Sis, He Don't Want You.

Greetings Ladies and Gents,

I hope you're doing well and staying strong regardless of these difficult times we find ourselves in. It's truly at the point where you just have to take things a day at a time, because it feels as if a new obstacle or unfortunate event is thrown our way every morning. But regardless, waking up is a blessing in itself and I plan to make the most of each new day I'm given. That being said, let us get to the topic at hand so we can keep the dialogue going and have fun with it. 

Over the last couple of posts, there has been a focus on the fellas and how they should go about with their interactions involving the opposite sex. Today I've decided to mix things up and share a bit of a message with the ladies.
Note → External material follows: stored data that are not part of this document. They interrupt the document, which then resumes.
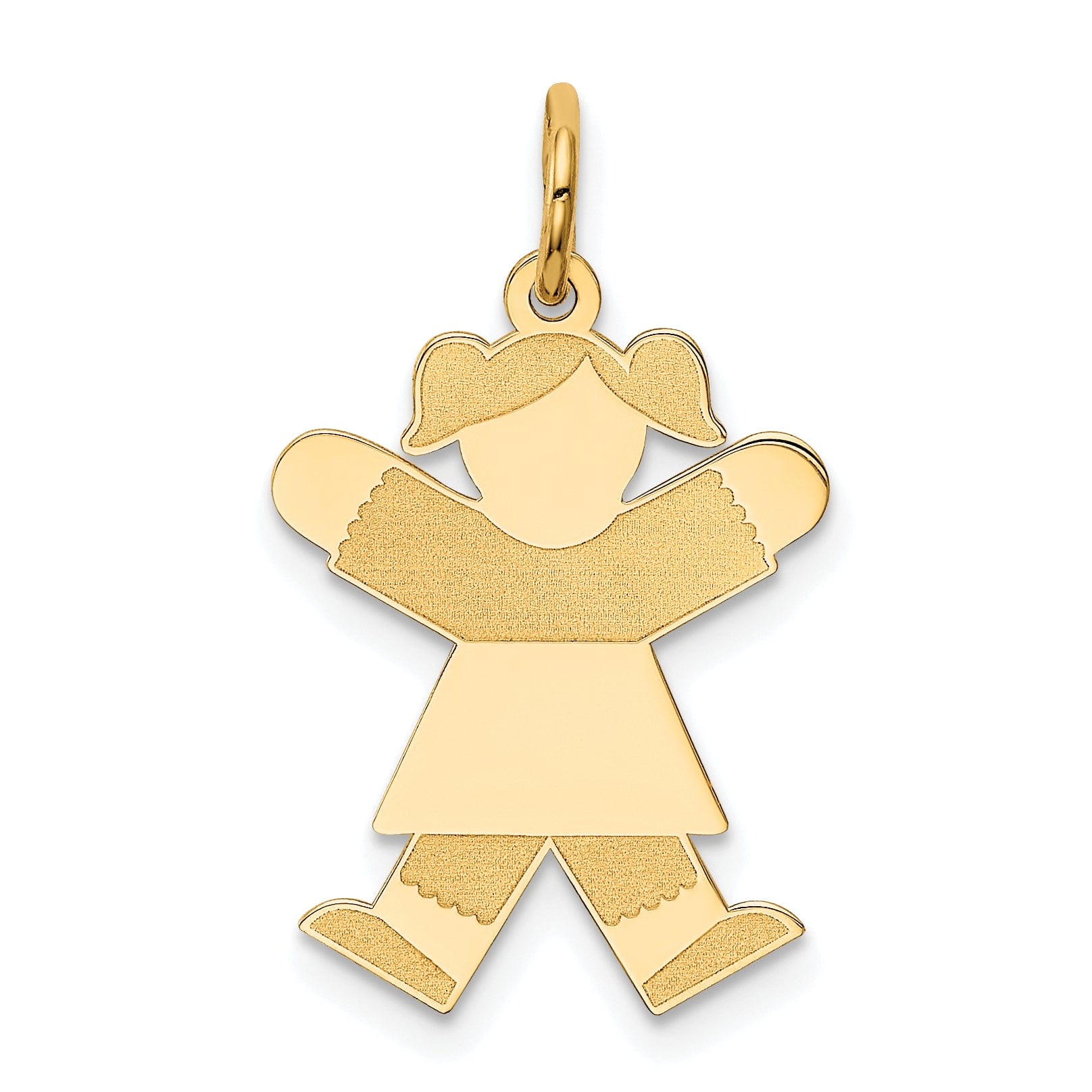 Introducing our stunning 14k Yellow Gold Girl With Pigtails Joy Charm, a beautiful and playful addition to any jewelry collection. Crafted from high-quality 14k yellow gold, this charm features a laser-etched solid polished design of a sweet girl with pigtails, radiating pure joy and happiness.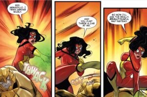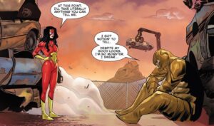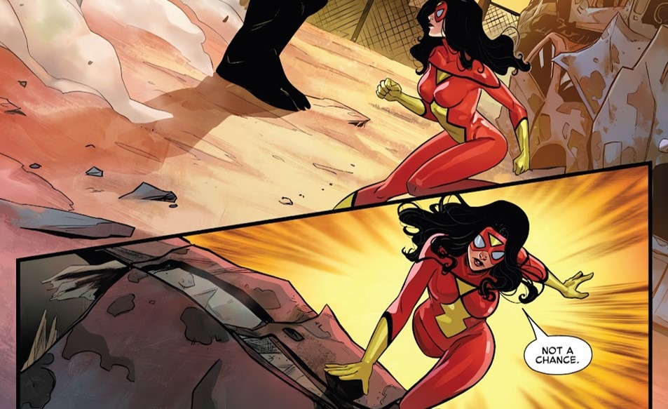 – – Spider-Woman’s supporting cast has always been strong, as well. It was nice to see familiar faces like Captain Marvel, Madame Web, and Spider-Man helping her out and lending a hand. Speaking of Spider-Man, I am getting really hyped for the upcoming Gang War. Spidey is acting extra proactive lately, and it seems like he has a solid plan to take down all the gang leaders who are trying to fight it out for control of the city. It will be interesting to see the role that Spider-Woman will play in the next big comic book event. But one thing is for sure: Spider-Man is sounding and looking like he really means business this time around. He is not playing around, and Spider-Woman is also going to have to get in the right state of mind for the perfect storm that is coming.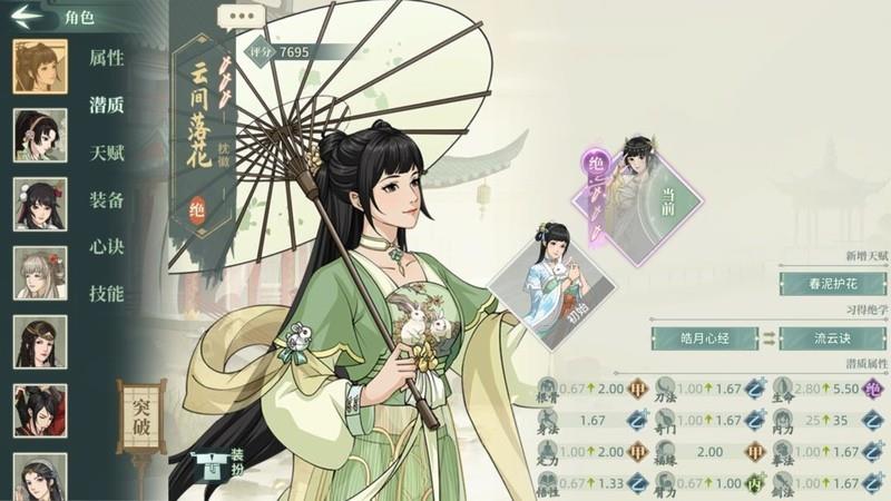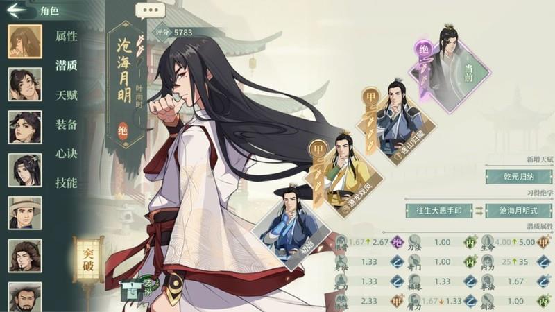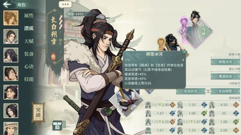 文中数字如00、33表示角色潜力与武学的突破状态,首位为潜力突破等级,次位为武学突破等级。00表示初始解锁,33则代表潜力和武学均达到三次突破。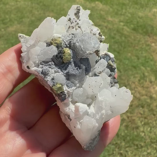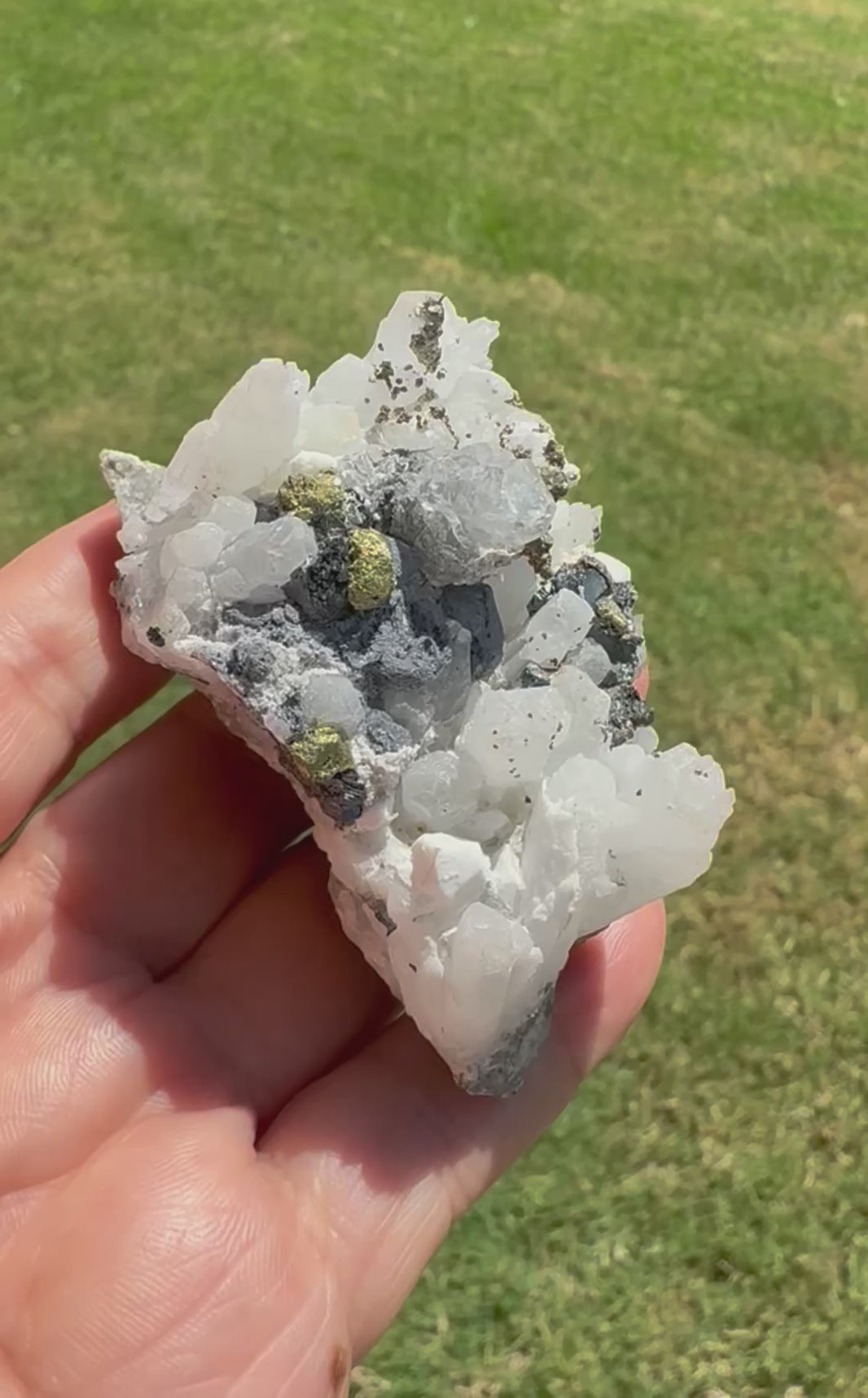 Natural White calcite with Clear Quartz, Pyrite, and Black Tourmaline inclusions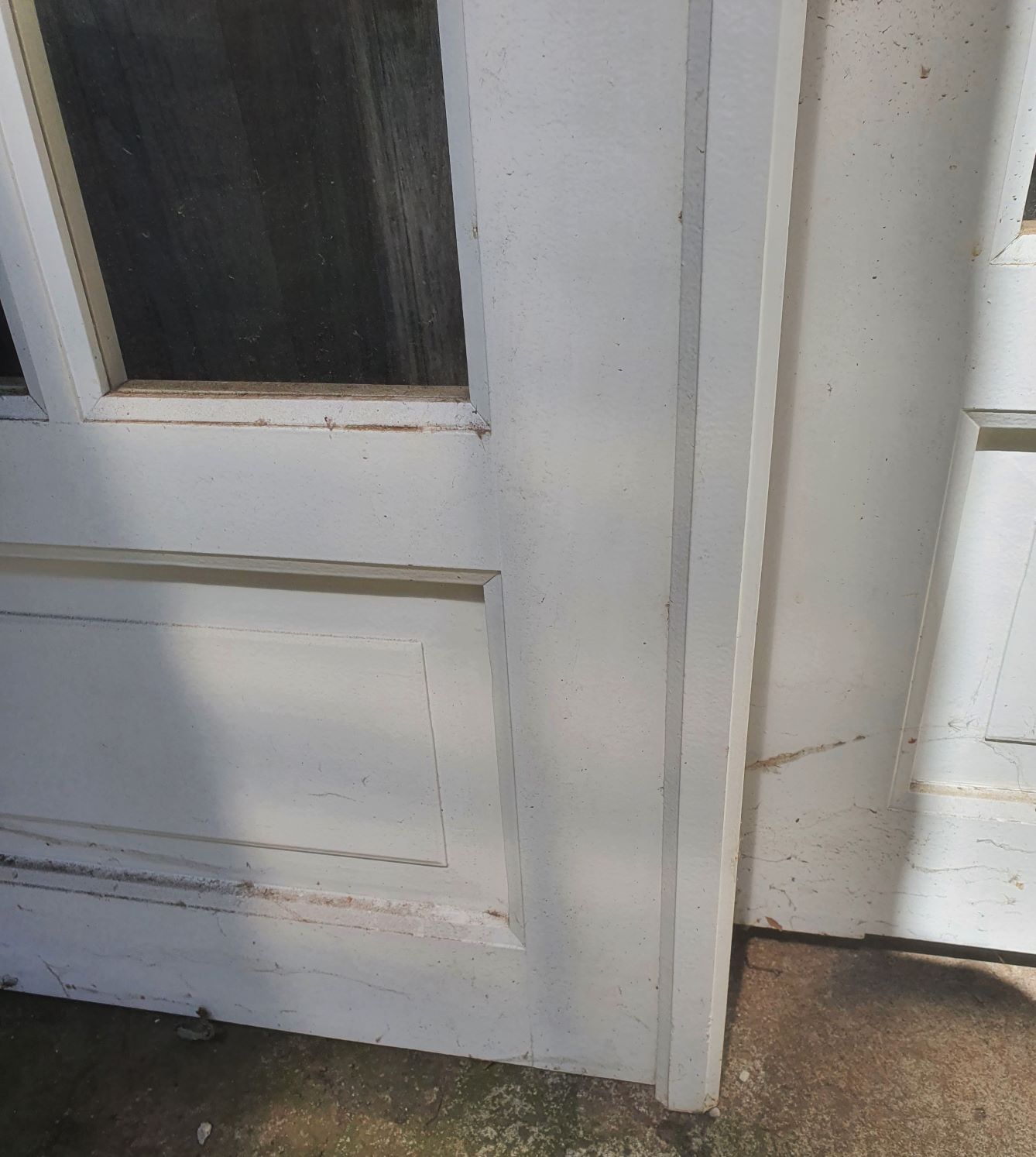 A pair of early 20th century French astragaled external/ internal doors, each door fitted with 18 glass panels above a small solid panel. Area of Isle de France (Greater Paris), circa 1930.

As important as it may be for a guy to realize when someone just isn't interested in him, I believe it's equally essential for a woman to have that same information. I've heard of too many situations that could have been avoided if the early warning signs had simply been addressed. So let's chat a bit on what exactly those signs may look like. 

Ladies, I'm sure that the majority of you have been involved in a situation where you were feeling a guy but you weren't too sure if those feelings were mutual. One of the ways in which you can gather some clarity on where he stands is simply through the things he says to you. It may sound extra basic, but sometimes it really comes down to the little things. If the man never speaks to you in a manner that shows interest, attraction or even respect...then it's safe to assume he's not into you. Granted, we as men may be slower to give an overdose of emotion to a situation, but if we're feeling you it's going to at least be said. That is the minimum. Too many times a woman may overlook this lack of commentary seeing it as no big deal. But as a fellow appreciator of affirmation, I can tell you that it shouldn't be taken lightly when it's nonexistent. Pay attention to that. 

Another way to realize he may not want you is through his actions...or lack thereof. Let's say you two have been kickin' it for a little while now and things feel like they're going pretty steady. However, you've recently made it known that you'd like to see a bit more effort in certain areas when it comes to how this person treats you. They're not going to get it completely right over night of course, because these things take time in order to truly change. But if ample time is going by and they've shown no signs of even wanting to do better for the sake of the situation, it's because they just don't care about the situation. It's a reality that you also have to be willing to come to terms with. You may see all the potential in the world with this guy because you deem him a looker, smart, fun to be around and all that jazz. Yet if he's not even showing you he's down to adjust the little things for you, don't keep sitting there wasting time on a dream you've seen in your head that's never going to be the reality of what y'all have. 

As complicated as we want to make dating out to be, some aspects of it can be very elementary. If you pay attention enough to the things people are saying to you and the actions they do or don't take, then you have a solid chance of dealing with folks that are worth your time. What messes us up, men and women, is when we choose not to see the warning signs written all over the wall. Choosing to see what you want to see and hear what you want to hear is a dangerous slope to find yourself sliding down. Since I'm speaking directly to the ladies today, I'll just say it's time for you to leave these fellas alone just because you've envisioned a potentially great future with them but they're not pulling their weight. If they're not even showing they feel you're worth making adjustments in their life, it's because they don't see you in their life long term. Why would they change the way they've been speaking, acting or living for someone that's not even relevant to their world? Exactly.

Ladies, it comes down to having respect for yourselves. By no means am I telling you to jump ship the second a guy isn't meeting your needs in a particular way. You're not going to end up with anyone at that rate. But when you've been around a situation with a guy long enough to see he either doesn't like you much or not enough to address your concerns and work on them...that's your helpful hint right there. He can make you laugh, smell good and look nice standing next to you. Yet if you're not getting the basics of respect, effort and time...you have to learn to not want that for yourself either.